2024年定時株主総会における銀行トップ(社長・頭取)の賛成率を集計した/>
上場企業に求められるガバナンスの水準が高度化する中、株主総会で会社提案に賛同してもらうハードルも上がっている。中でも銀行は低迷するROE(株主資本利益率)や多額の政策保有株式などがネックとなり、会社の顔である代表者の人事案に反対票が集まりやすい。
銀行のトップは今年の株主総会において、投資家からどれほどの支持を集めたのか――。東洋経済は全国の証券取引所に上場する「銀行業」計83社の臨時報告書を基に、2024年定時株主総会における経営トップ(社長・頭取)の賛成率を集計し、ワーストランキングを作成した。
そのうち経営トップの取締役任期が2年(2年目)の銀行を除く74社で賛成率が示されており、実に7割に当たる53社で、昨年より賛成率が下落していた。
数値が最も低かったのは、三菱UFJフィナンシャル・グループ(MUFG)の亀澤宏規社長。賛成率は64.58%で、昨年から11.36ポイントの下落となった。
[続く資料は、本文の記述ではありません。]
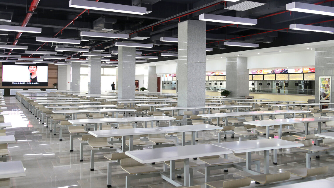 长安校区的餐饮楼共有四层,提供各具特色的餐饮。其中,一楼为职工和学生餐厅,可容纳3000人用餐;二楼为特色餐厅,可容纳2000人用餐;三楼和四楼则是风味餐厅和西餐厅,可容纳1000人用餐。
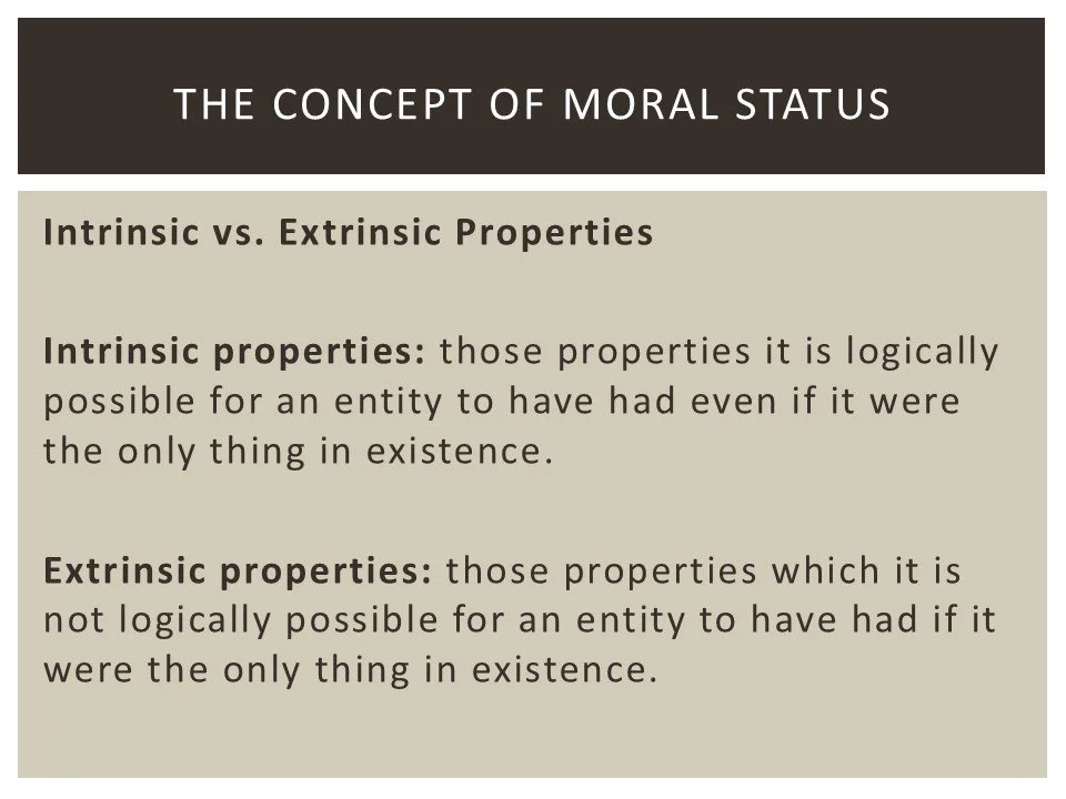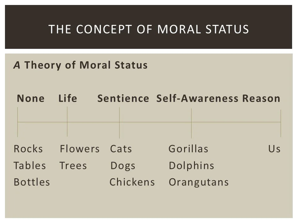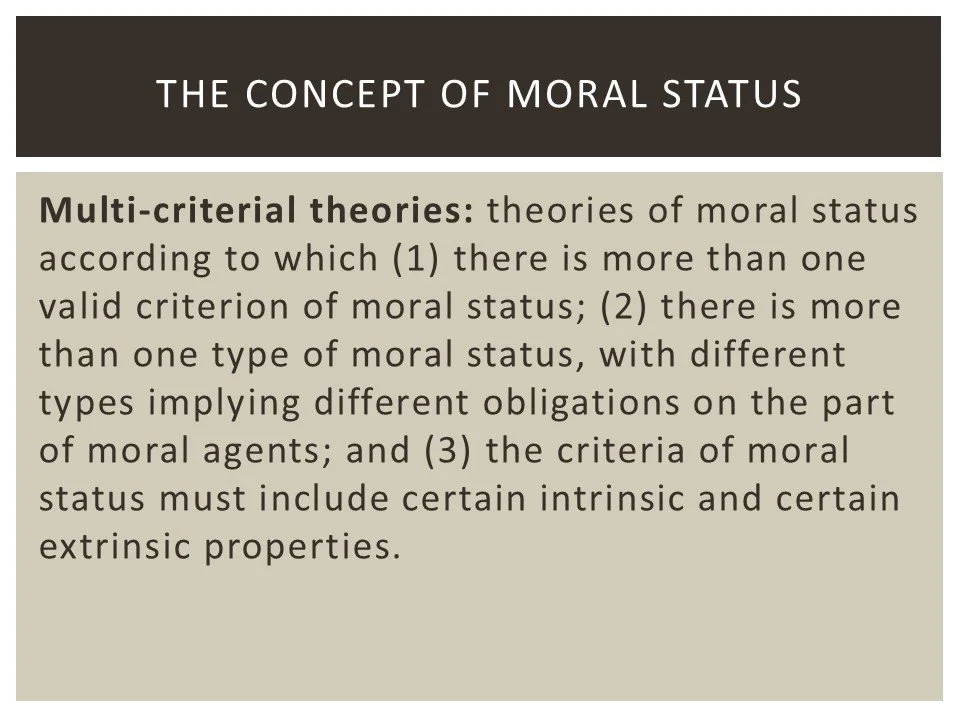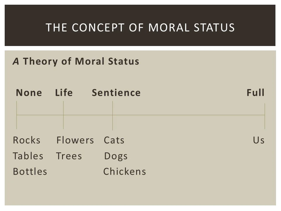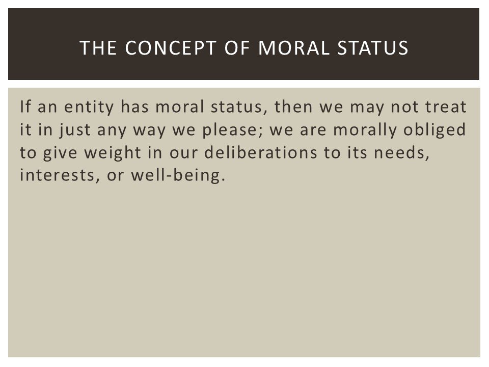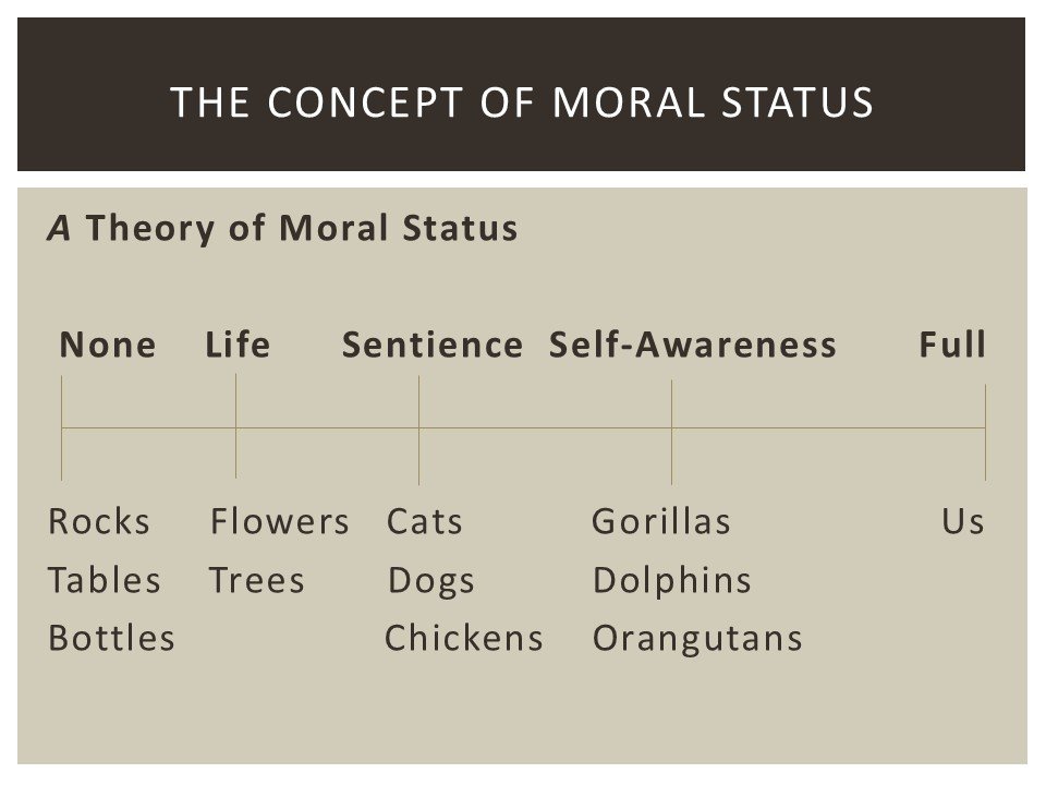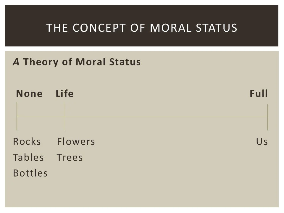 The following are excerpted from the set of PowerPoint slides on the concept of moral status. They are representative of the substance and style of all of the PowerPoint slides that are screen-shared and discussed during the course. Discussions of the course’s PowerPoint slides include presenting arguments for positions on bioethical issues, analyzing the concepts presented therein, explaining the importance of said concepts, and more. Throughout these discussions, Professor Lovering encourages students to participate by sharing their questions, observations, insights, confusions, anecdotes, and anything else (that is topic-relevant) that comes to mind.

同社をめぐっては株主総会直前の6月24日、傘下の銀行や証券会社が金融商品取引法違反によって金融庁から行政処分を受けた。法令違反の責任を問うべく、一部の機関投資家が反対票を入れたようだ。
一方、行政処分が下る前にあらかじめ議決権を行使していた機関投資家も多く、コンプライアンスの不備だけが賛成率下落の要因とは言いきれない面もある。連結純資産の2割を超える政策保有株式の残高や、株主提案を受けた気候変動対策など、複合的な要因が向かい風になった可能性がある。
2位は三井住友トラスト・ホールディングスの高倉透社長。賛成率は70.04%と、こちらも昨年から13ポイントも下落した。下落の要因は、やはり政策保有株式と見られる。同社の保有残高は連結純資産の5割超と、銀行の中でも目立って高い。
■株主構成もカギ
賛成率は株主構成にも左右される。一般に、ガバナンスに厳しい外国人株主の割合が高ければ賛成率は低くなりやすいのに対し、会社側に好意的とされる個人投資家や取引先が多いほど賛成率は高まる。
都市銀行が60~70%台に沈む一方、規模の小さい地方銀行で90%台が目立つのは、株主構成の差も一因にありそうだ。監視役たる株主が不在の中では、賛成率が高い水準にあっても経営手腕が優れているとは言い切れない。